How old is your mare, out of curiosity? I just can't get over her color even if it will likely fade with time xD


----------



## LeynaProof (Jan 3, 2013)

Haha! Yea your girl is a tad overweight. :lol: From what i can see she is a good looking horse though. My girl will be 5 in March. And yes eventually she will be white like her daddy. :/ Oh well. Haha. How tall is your girl? She looks like a good size.


----------



## Endiku (Dec 6, 2010)

No kidding! She's a blimp. I swear she gets fat off of air as well. She's our only horse on nothing more than pasture right now, and she's the biggest of all of them xD She's 15.2hh I believe. I really do hope that we can get her walk-ride sound, she's such a sweetheart and I think she'd love it. She used to be sound to ride but suddenly took a turn for the worse, so we're trying to figure out just why that happened and how to get her 'back.'

Aww, white will look beautiful on your mare as well! She's very elegant looking for sure, and she'll be a stunner on the endurance ride!


----------



## Golden Horse (Feb 20, 2010)

Love your girl, and am a great fan of the cross, I have one as well










she is 50/50, and such a MARE, but I love her anyway


----------



## MangoRoX87 (Oct 19, 2009)

Gorgeous!!! 

But with her dam being half and half, and her site being pure, that would make her 3/4, not 15/16.
_Posted via Mobile Device_


----------



## tlvmiller (Oct 13, 2011)

she is so beautiful


----------



## JaphyJaphy (Nov 15, 2012)

Beautiful girl. She's so elegant! I hope your ride goes well!


----------



## countryryder (Jan 27, 2012)

I used to have a ASB/Arab X mare as well,it's an awesome cross for endurance,I hear of more and more people using them..


----------



## existentialpony (Dec 4, 2012)

Good luck on your ride! And feel freeee to post a million other pictures of her... I think that she is stunning!


----------



## LeynaProof (Jan 3, 2013)

countryryder said:


> I used to have a ASB/Arab X mare as well,it's an awesome cross for endurance,I hear of more and more people using them..


Yes, this cross is getting more popular every year. When i first started riding Endurance 6 years ago, i only knew of one lady that rode a ASB/Arab cross, but now i know quite a bit of people that compete on them. 

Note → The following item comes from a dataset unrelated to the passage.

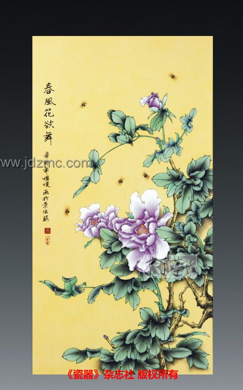 (了了亭 景德镇陶瓷艺术馆 资讯,本文刊载于《瓷器》杂志社 残联增刊)——瓷板的底色釉为黄釉,色彩鲜艳,极易映入眼帘,黄色是中华民族皇室尊贵的象征,同时它也是中华民族的主色调。直至现在,它和红色都是中国的主色调。黄色的灿烂、辉煌,有着太阳般的光辉,象征着照亮黑暗的智慧之光,又象征着财富和权利,它是骄傲的色彩。瓷板的主体画面为我国的国花牡丹,大小不一的三朵紫色牡丹争奇斗艳,在绿叶的衬托下更加富贵而娇艳,引得蜜蜂在芳香的花丛间翩翩起舞。这样一幅作既有品位、又美观并具有装饰性的工艺作品,摆在家中,给室内装修画龙点睛的同时,又显得富丽华贵,古色古香。
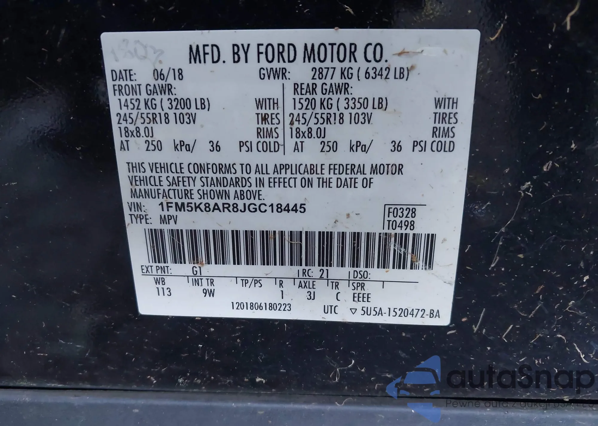 VIN: 1FM5K8AR8JGC18445

And thanks to everyone for all the nice comments! I will post my ride pictures afterwards.


----------



## LeynaProof (Jan 3, 2013)

Golden Horse said:


> Love your girl, and am a great fan of the cross, I have one as well
> 
> 
> 
> ...


Oh she is lovely! I love bays, they are my favorite color.  And my girl has attitude for sure, but i love it! She keeps me on my toes so i am never bored. :wink:


----------



## LeynaProof (Jan 3, 2013)

Endiku said:


> No kidding! She's a blimp. I swear she gets fat off of air as well. She's our only horse on nothing more than pasture right now, and she's the biggest of all of them xD She's 15.2hh I believe. I really do hope that we can get her walk-ride sound, she's such a sweetheart and I think she'd love it. She used to be sound to ride but suddenly took a turn for the worse, so we're trying to figure out just why that happened and how to get her 'back.'
> 
> Aww, white will look beautiful on your mare as well! She's very elegant looking for sure, and she'll be a stunner on the endurance ride!


Haha! She is just well insulated! And that is a good size. I have always had horses around the 15 HH size that are slighter built than this mare, so i am excited to have a bigger horse. Maybe she will make my butt look smaller! :wink: Haha!! Rossi is a little over 15.1 HH and about to be 5, so i think she will hit 15.2 eventually. I hope everything works out for you guys. She probably would very much love to have a job.


----------



## LeynaProof (Jan 3, 2013)

Here's more pics of Rossi!!


----------



## Celeste (Jul 3, 2011)

Nice horse!


----------



## Golden Horse (Feb 20, 2010)

You can sure see the arab in this one


----------



## LeynaProof (Jan 3, 2013)

Celeste said:


> Nice horse!


Thanks!!


----------



## HorseLovinLady (Jul 18, 2011)

Beautiful!!


----------



## LexusK (Jan 18, 2013)

Absolutely stunning, what a gorgeous neckline!


----------



## horsecrazygirl (Apr 23, 2012)

She looks amazing!


----------



## LeynaProof (Jan 3, 2013)

Thanks everyone! She is definitely me baby.


----------



## LeynaProof (Jan 3, 2013)

The first picture is of my mare Bella. We did the 50 miler on Friday and we got 1st place and won Best Condition!!!

And the second picture is of Rossi on Saturday during the 25 miler ride.


----------